I think Dan was talking to me. However, I do not mean they should test to see whether B12 levels have increased, but rather they should test to see if MMA levels have decreased. They should probably do both.
August 12th, 2013 at 5:45 am
Andreas, you posted the following interest links, which I read:
https://rxproblemsolvers.com/synthetic-vitamins-vs-whole-food-supplements
http://www.thedoctorwithin.com/vitaminc/ascorbic-acid-is-not-vitamin-c/
I am not sure I agree with everything posted on the internet.
The authors seem to suggest ‘inside knowledge’ of why certain supplement trials failed, which they blame on provision of mega doses of highly synthetic isolated micronutrients.
Certainly this information is concerning to me as I take a couple synthetics (namely B100 complex and vitamin D). However, this is the first I have heard of this problem. It would be nice to see some proof – comparing whole food nutrients to synthetic vitamins – e.g. for a problem like B12 deficiency – but I don’t think we’ll ever see a randomized trial.
Is it worth purchasing expensive whole food derived nutrients like B complex? I take it because I got angular stomatitis and avoid grain. It cleared up the problem within 48 hours. Thus it seemed to improve a general mucosal healing defect. Whole food derived nutrients are far more expensive.
Just because something originally derives (is isolated from) coal tar does not mean it is actually coal tar. Just because something comes from a natural plant does not mean it is safe to eat (ricin in castor beans, digitalis glycosides in foxglove and oleander, etc). This article makes alot of aspersions that are non-scientific in nature.
I would avoid taking alot of supplemental vitamin A, beta carotene, folic acid, vitamin E, or magnesium – because randomized trials have conclusively demonstrated harms from doing this.
August 13th, 2013 at 10:42 am
Well, I finally made the transition to full veganism. Took me over a year to get my act together. No more dairy was the hardest part. But a shake for breakfast, salad for lunch, soup for dinner really does the trick. Not claiming my diet is optimally healthy – it is low in vit A, B12, D, iodine – but it is probably least cruel ethically speaking. Thanks Jack for your comments on dairy in an older thread. I simply had no idea what was involved in the dairy business. Very eye-opening.
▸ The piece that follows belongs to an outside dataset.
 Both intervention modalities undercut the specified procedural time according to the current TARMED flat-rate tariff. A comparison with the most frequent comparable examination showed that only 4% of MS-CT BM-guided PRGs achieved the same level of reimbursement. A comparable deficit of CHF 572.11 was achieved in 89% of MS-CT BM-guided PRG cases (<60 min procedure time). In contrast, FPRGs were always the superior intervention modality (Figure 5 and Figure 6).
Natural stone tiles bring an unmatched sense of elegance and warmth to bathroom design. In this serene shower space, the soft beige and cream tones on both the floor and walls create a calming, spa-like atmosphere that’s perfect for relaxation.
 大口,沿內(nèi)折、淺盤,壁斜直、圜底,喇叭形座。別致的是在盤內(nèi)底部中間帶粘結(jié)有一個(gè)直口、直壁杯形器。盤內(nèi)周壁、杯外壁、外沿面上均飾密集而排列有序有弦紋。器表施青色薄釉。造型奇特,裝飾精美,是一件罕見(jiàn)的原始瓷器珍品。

August 16th, 2013 at 4:02 pm
Congrats Dan.
If you feel fine with the synthetic vitamins, follow your own truth. I would share how you can make extra B vitamins with bacteria but than I would have to share how B12 is made. You’ll have to keep supplementing with the B vitamins for the time being.
How are you having a problem with Vitamin A?
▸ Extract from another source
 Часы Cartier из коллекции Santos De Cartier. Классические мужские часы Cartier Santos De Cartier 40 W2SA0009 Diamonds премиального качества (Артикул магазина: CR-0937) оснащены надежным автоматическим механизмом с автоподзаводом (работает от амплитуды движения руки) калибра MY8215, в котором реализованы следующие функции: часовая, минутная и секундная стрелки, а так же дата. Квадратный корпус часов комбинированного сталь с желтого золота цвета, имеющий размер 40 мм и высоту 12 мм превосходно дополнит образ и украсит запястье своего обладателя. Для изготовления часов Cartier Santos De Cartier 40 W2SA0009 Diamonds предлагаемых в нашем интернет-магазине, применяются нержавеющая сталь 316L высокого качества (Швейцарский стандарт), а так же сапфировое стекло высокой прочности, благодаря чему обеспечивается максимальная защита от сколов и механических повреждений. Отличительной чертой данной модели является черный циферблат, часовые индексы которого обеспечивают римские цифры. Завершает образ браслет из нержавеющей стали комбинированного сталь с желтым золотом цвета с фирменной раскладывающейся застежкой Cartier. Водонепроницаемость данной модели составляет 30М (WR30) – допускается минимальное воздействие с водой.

August 17th, 2013 at 6:21 am
Andreas,
Vitamin A deficit in the diet – getting only about 700 IU per day, whereas I believe the recommended intake is on the order of 900 IU per day. Not sure how concerned to be about this 200 IU deficit, as my night vision is fine and chelitis has long since gone away.
How do I make extra B vitamins with bacteria?
September 6th, 2013 at 6:41 am
Dan,
“How do I make extra B vitamins with bacteria?”
If you were in my shoes, would you actually share the information on a blog?